Fisetin Suppresses the Inflammatory Response and Oxidative Stress in Bronchial Epithelial Cells.

机构信息

Department of Nutrition and Health Sciences, Research Center for Chinese Herbal Medicine, Chang Gung University of Science and Technology, Taoyuan 33303, Taiwan.

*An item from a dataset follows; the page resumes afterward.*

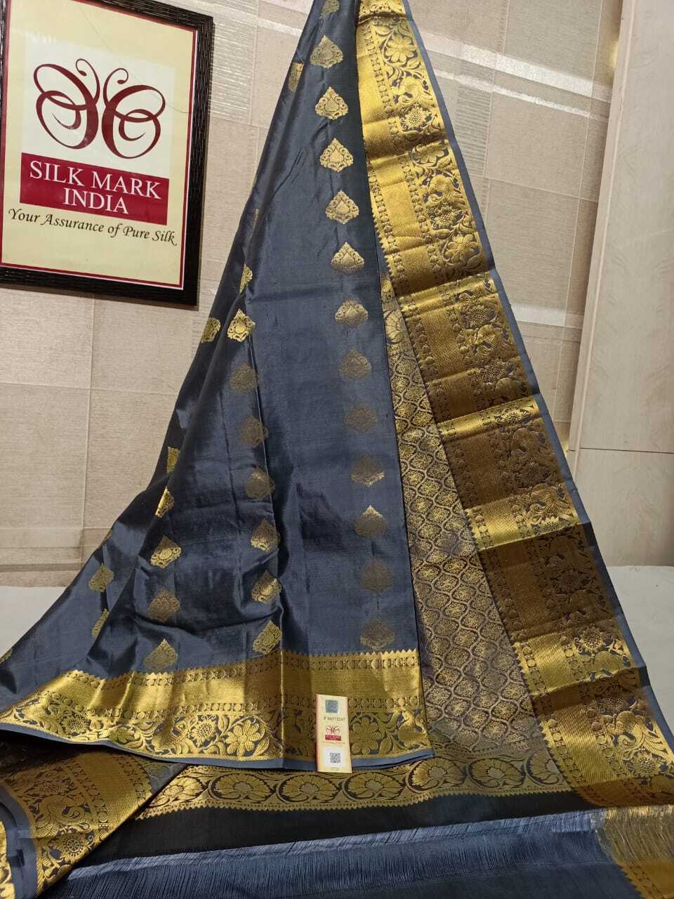 ग्रे कांजीवरम सिल्क साड़ी फैंसी मैरी बॉर्डर

Aesthetic Medical Center, Department of Dermatology, Chang Gung Memorial Hospital, Linkou, Taoyuan 33303, Taiwan.

出版信息

Nutrients. 2022 Apr 28;14(9):1841. doi: 10.3390/nu14091841.

Abstract

Fisetin is isolated from many fruits and vegetables and has been confirmed to improve airway hyperresponsiveness in asthmatic mice. However, whether fisetin reduces inflammatory response and oxidative stress in bronchial epithelial cells is unclear. Here, BEAS-2B human bronchial epithelial cells were treated with various concentrations of fisetin and then stimulated with tumor necrosis factor-α (TNF-α) or TNF-α/interleukin-4. In addition, ovalbumin-sensitized mice were treated with fisetin to detect inflammatory mediators and oxidative stress expression. Fisetin significantly reduced the levels of inflammatory cytokines and chemokines in TNF-α-stimulated BEAS-2B cells. Fisetin also attenuated intercellular adhesion molecule-1 expression in TNF-α-stimulated BEAS-2B cells, suppressing THP-1 monocyte adhesion. Furthermore, fisetin significantly suppressed airway hyperresponsiveness in the lungs and decreased eosinophil numbers in the bronchoalveolar lavage fluid of asthmatic mice. Fisetin decreased cyclooxygenase-2 expression, promoted glutathione levels, and decreased malondialdehyde levels in the lungs of asthmatic mice. Our findings indicate that fisetin is a potential immunomodulator that can improve the pathological features of asthma by decreasing oxidative stress and inflammation.

摘要

漆黄素可从多种水果和蔬菜中分离得到,已被证实可改善哮喘小鼠的气道高反应性。然而,漆黄素是否能降低支气管上皮细胞的炎症反应和氧化应激尚不清楚。在这里,用不同浓度的漆黄素处理 BEAS-2B 人支气管上皮细胞,然后用肿瘤坏死因子-α(TNF-α)或 TNF-α/白细胞介素-4 刺激。此外,用漆黄素处理卵清蛋白致敏的小鼠,以检测炎症介质和氧化应激表达。漆黄素可显著降低 TNF-α 刺激的 BEAS-2B 细胞中炎症细胞因子和趋化因子的水平。漆黄素还可减弱 TNF-α 刺激的 BEAS-2B 细胞中细胞间黏附分子-1 的表达,抑制 THP-1 单核细胞黏附。此外,漆黄素可显著抑制哮喘小鼠肺部的气道高反应性,并减少哮喘小鼠支气管肺泡灌洗液中的嗜酸性粒细胞数。漆黄素可降低哮喘小鼠肺部的环氧合酶-2 表达,增加谷胱甘肽水平,并降低丙二醛水平。我们的研究结果表明,漆黄素是一种潜在的免疫调节剂,可通过降低氧化应激和炎症来改善哮喘的病理特征。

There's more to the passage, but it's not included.